Is Financial Media Aiding Wall Street Collapse?

September 17, 2008 by Mark Rose  
Filed under Media, News

Jon Friedman, MarketWatch columnistMarketWatch columnist Jon Friedman (left) has a provocative column today on the role of financial media in the continuing Wall Street crisis (the Dow is down over 330 points in early trading despite the government’s $85 bailout of AIG). Where is the skepticism and outrage at Wall Street titans that journalists direct to other news makers, asks Friedman. It is not about being disrespectful, it is about being tough and expressing the same frustration and hurt that “ordinary” citizens feel (especially when they are being extricated from the jobs by the thousands and billions in retirement income is being wiped out). See Media’s Wimpy Wall Street Coverage.

MarketWatch also extensively reports that a money market fund “breaks the buck” - a frightening development that indicates a wider, deeper impact of the credit crisis on “safe” investments favored by conservative retail investors. 

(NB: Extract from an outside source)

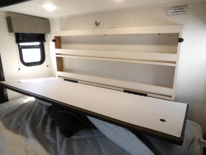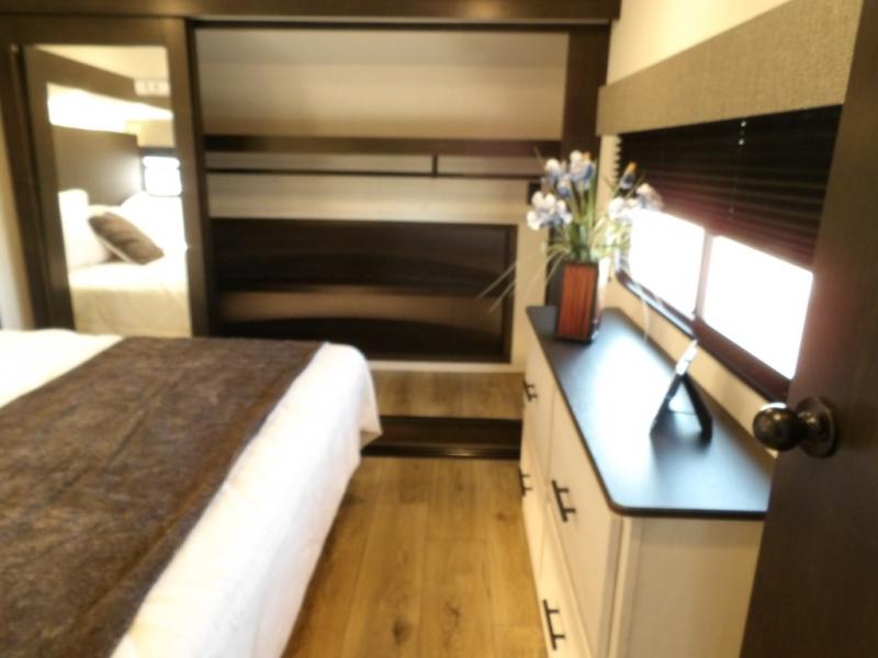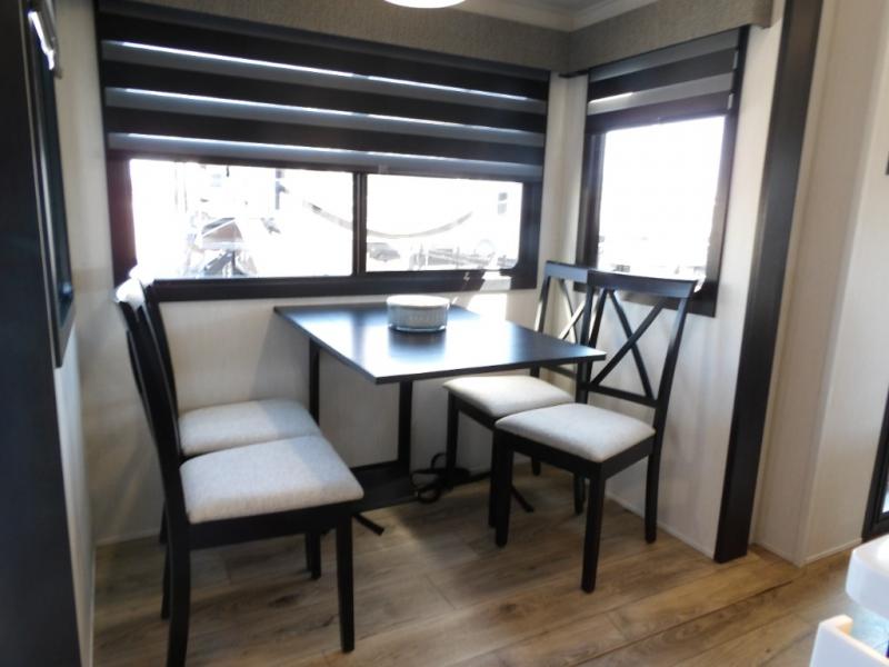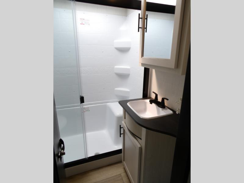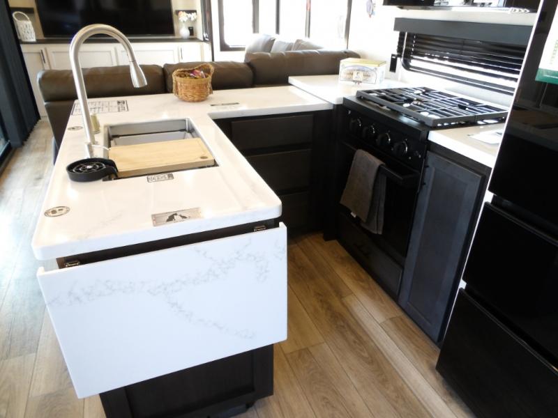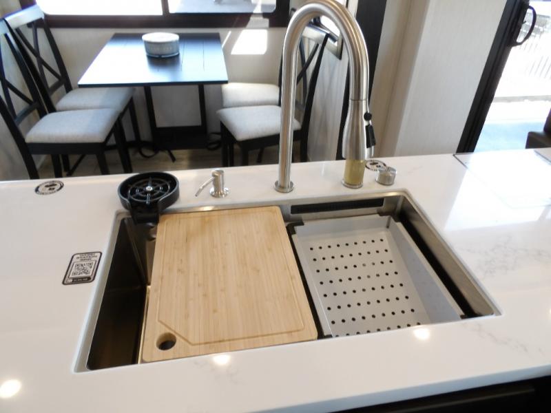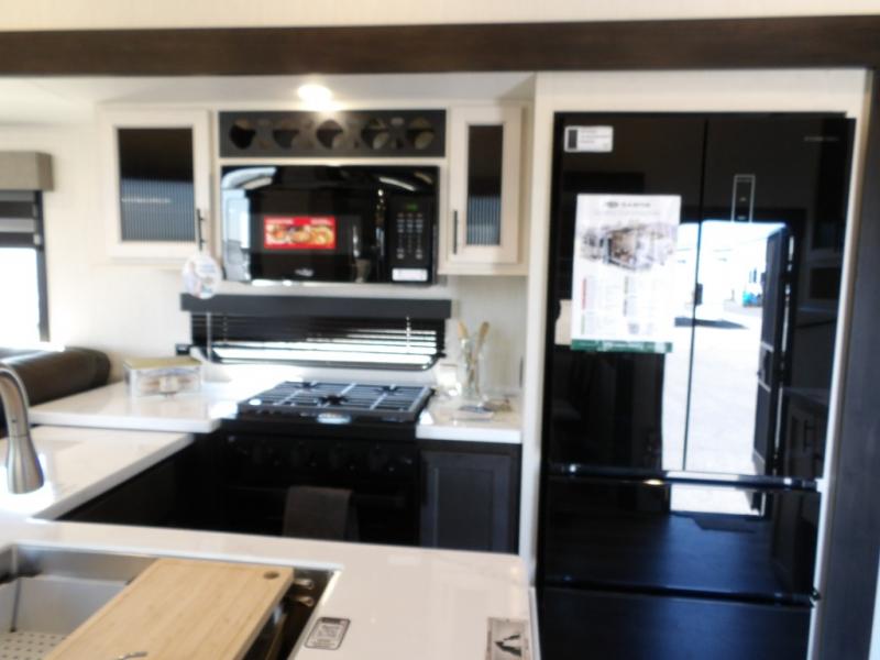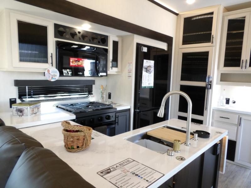 You will experience luxurious camping trips at an affordable price with any one of these Forest River Sabre fifth wheels! These models are durable and ready to travel anytime of the year thanks to features like the high-gloss gel-coat front cap with LED lighting, the PVC roof membrane, and the forced air underbelly with enclosed gate valves. The electric auto-leveling system makes setting up easy and safe, and the adjustable power awning with LED lighting will create an inviting outdoor living space. Each model includes a universal docking station which includes a black tank flush and an outside shower, and detachable and adjustable stable steps for you to enter and exit the unit safely. Inside, you will love the design of the ambient accent lighting in the living area, the real wood lumbercore cabinetry, and the linoleum flooring!

MarketWatch is an excellent source of financial news that goes deeper than mass outlets such as The New York Times or even Wall Street Journal (MarketWatch is a Dow Jones property). As the name implies, MarketWatch is focused entirely on market moving news and is sort of the people’s Bloomberg, geared to retail investors and traders. Jon Friedman consistently writes incisive columns that de-mystify financial news. He has strong opinions and backs them up with the flair of a tabloid reporter.

Floyd Norris at NYTimes gets a little wild on his blog today with Socialism, 21st Century Style, arguing that the government takeover of AIG is akin to nationalization of the largest insurer in the U.S. (Didn’t Harry Truman fail when he tried to do this with the steel industry?). The business news these days is scary but this is what financial reporters live for.